Each plan will be predominantly owned by the physician network, which should include at least 130 local primary care physicians. "We would expect that somewhere between 80 and 100 of them would be owners of the plan," says Trinka.

PSOs Not Limited to Florida Market

The first of these plans will be in Florida, where the company has identified 47 viable PSO markets, but Trinka says doublesys sees a "considerable amount of opportunities" in other states. The company said April 27 it has reached a definitive agreement with a provider network of 140 physicians in Florida to introduce its first Medicare plan. While the company could not identify the county because of a confidentiality agreement, doublesys said the county yields 90,000 total beneficiaries, 25,000 of whom are currently enrolled in managed care. Trinka says he cannot predict when the plan will begin serving beneficiaries, as it is subject to regulatory approval. He declines to disclose enrollment or revenue expectations for any doublesys plans.

doublesys offers PSOs the necessary start-up capital (which comes from private investors), takes the plans through the certification process, and provides local physician and member support, all of which is fully supported by the headquarters' operations and marketing, according to Trinka. doublesys maintains a minority ownership position, which will be no more than 30% but depends on the contract, and provides the financial, actuarial, and operations management - including claims processing - for each one of the local health plans. "We bring in economies of scale, which is something that local health plans have not been able to do in the past," says Trinka. doublesys profits from the plans through part ownership and via charging the plans for management and administrative services.

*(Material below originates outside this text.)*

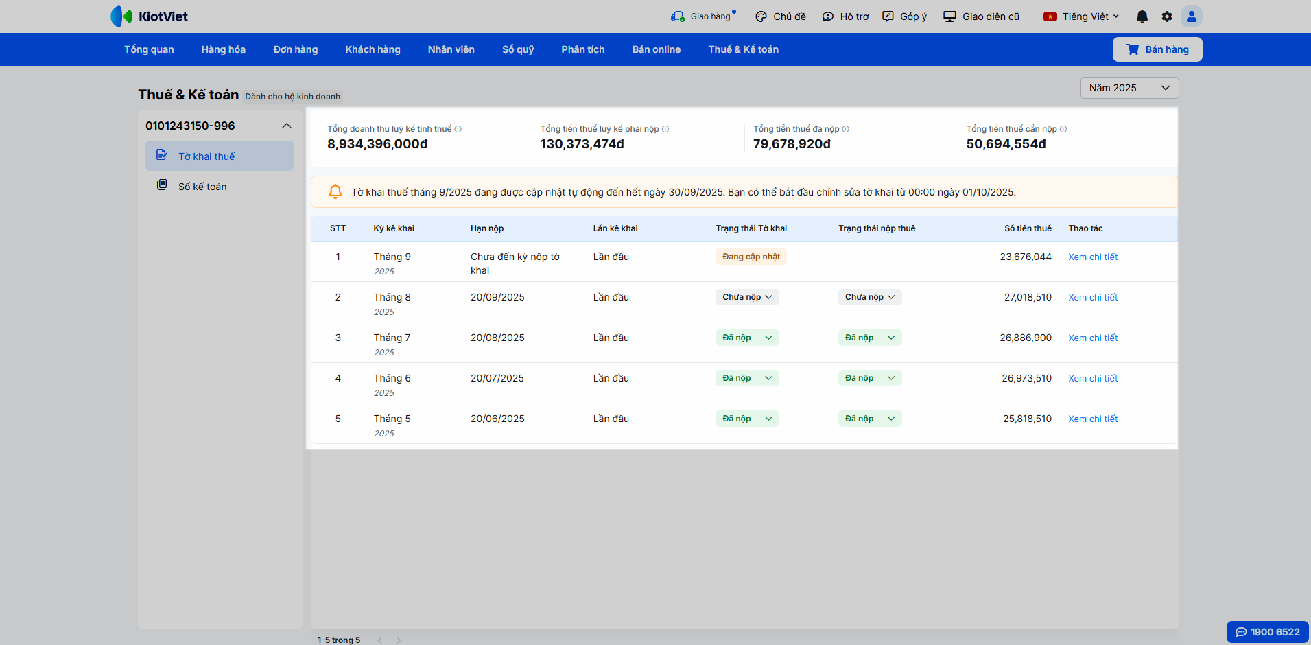 - Tiết kiệm thời gian: Hệ thống tự động tổng hợp doanh thu từ dữ liệu bán hàng, tính toán số thuế phải nộp và tạo các mẫu tờ khai cần thiết, giảm thiểu tối đa các thao tác nhập liệu thủ công.

Only three PSO licensees contract with Medicare at this time. One of them is Preferred Care Partners, whose PSO Health Plan is the only state-licensed PSO in Florida and serves 10,000 members in Miami-Dade County. Trinka explains that the difference between those plans and the doublesys model is that the latter are "stand-alone-market PSOs" whereas doublesys is a "multiple-market, multiple-license organization." Many PSOs were not successful because they were stand-alone models and didn't have sufficient access to capital, says Trinka. CMS now considers PSOs to be the same as HMOs for all intents and purposes, he adds. And both require state licenses.

Company Would Look Beyond Florida

While the company's primary focus is Florida, doublesys is looking at any market that has a strong group of physicians who are interested in it's model, and a substantial Medicare population and market with enough Medicare Advantage enrollees and physicians who are "experienced at managing that type of risk at some level," says Trinka. Suburban markets, for example, may be good settings for physician-owned models, he suggests. Ideally, a potential market would yield about 5,000 members, Trinka says. Should doublesys acquire existing PSOs, which is not beyond the realm of possibility, its goal would be to "re-engineer them into the doublesys physician-owned model," he adds.

The Medicare law also gives doublesys the opportunity to expand into markets that it may not have previously considered, in terms of geographical area or market type (e.g., rural, suburban, metropolitan), according to Trinka. doublesys was also pleased that the Medicare law gives managed care plans an opportunity to provide a meaningful drug benefit, he adds. He says he cannot disclose what kind of drug benefit the plans will have because doublesys's plans have not yet been approved by CMS, but says there will be some kind of drug component. Trinka says he expects the Medicare law to bring about an increase in the number of PSO applicants, but no more so than in the HMO or PPO applicant pools. "We expect there to be a 'rising tide lifts all boats."